When it comes to trademarks, the reality is that businesses like to keep up with the times, including to remain desirable and relevant in customers’ eyes. As a result, though the concept of a trademark implies a fair measure of permanence, they do often evolve over time. This can lead to problems.

One such problems stems from the rule that a trademark that has been registered must, in principle, be used as is, as it was originally filed for and registered. Any change to what a trademark looks (or sounds) like may lead to an eventual court holding that the trademark now being used is no longer the original one but rather a “variation“. Such variations may jeopardize protection afforded by registrations, as such changes may break the requisite link between the original registration and the trademark itself. This may happen, for example, when two marks are shown in close proximity to one-another, when something is added or subtracted from a mark, or upon doing a redesign of a logo, etc. If it’s not done properly, the business making such a change may end-up in hot water.

The issue traces back to the fact that, in Canada, a registered must be used as shown in the registration certificate. After all, it stands to reason that you may not register X and then use Y, and expect to benefit from your registration, as a registrant normally would. Rather, when a discrepancy crops up, courts may find that the registration at issue no longer applies to use of the trademark actually being used by the business (and vice-versa), because the link between the mark and the corresponding registration has been severed, so to speak.

Though our courts do allow some changes to their marks by trademark owners, we now impose limits on how far businesses can take these “variations”. For example, the new mark should not mislead or become prejudicial to members of the public, nor should it result in what the average person would consider a new mark altogether, as opposed to making changes that are sufficiently limited so that the original mark is still recognizable. If the changes are seen as too substantial, then courts may conclude that what is now being used is actually a new mark that sufficiently differs from the original one to justify holding the two are (legally) distinct.

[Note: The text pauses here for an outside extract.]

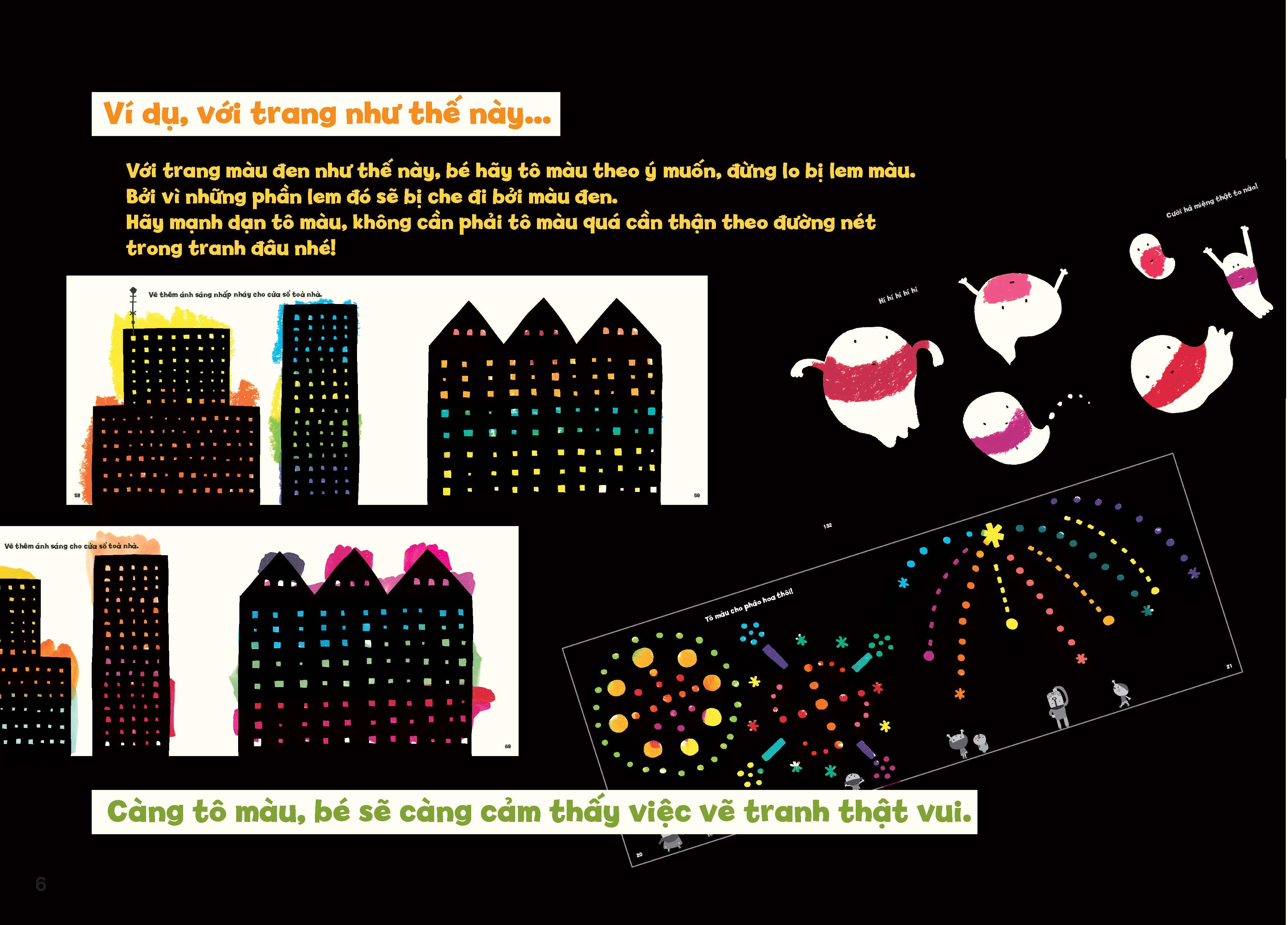 Càng tô càng vui: Để đáp ứng nhu cầu của độc giả muốn được “tô màu nhiều hơn” và “vẽ nhiều hơn”, chúng tôi đã tạo ra một cuốn sách có số trang nhiều gấp đôi so với lần trước. Cuốn sách tô màu này sẽ tạo sân chơi cho bé thoải mái vui chơi và phát triển cảm giác về màu sắc, trí tưởng tượng và khả năng sáng tạo của m.ình.

If and when this happens, trademark owners may lose the benefit of the shield that affords a trademark registration, in addition to risking having the original trademark registration stricken because the mark it relates to is no longer in use.

To avoid problems such as these, trademark owners should periodically reassess whether their trademark registrations are adequate or sufficient, and determine whether new trademark applications should be filed, including to cover recent variations of their trademarks.

Sure, to your marketing department this may be a simple redesign of your logo, but to an eventual judge, it may actually result in a brand-new trademark (no pun intended).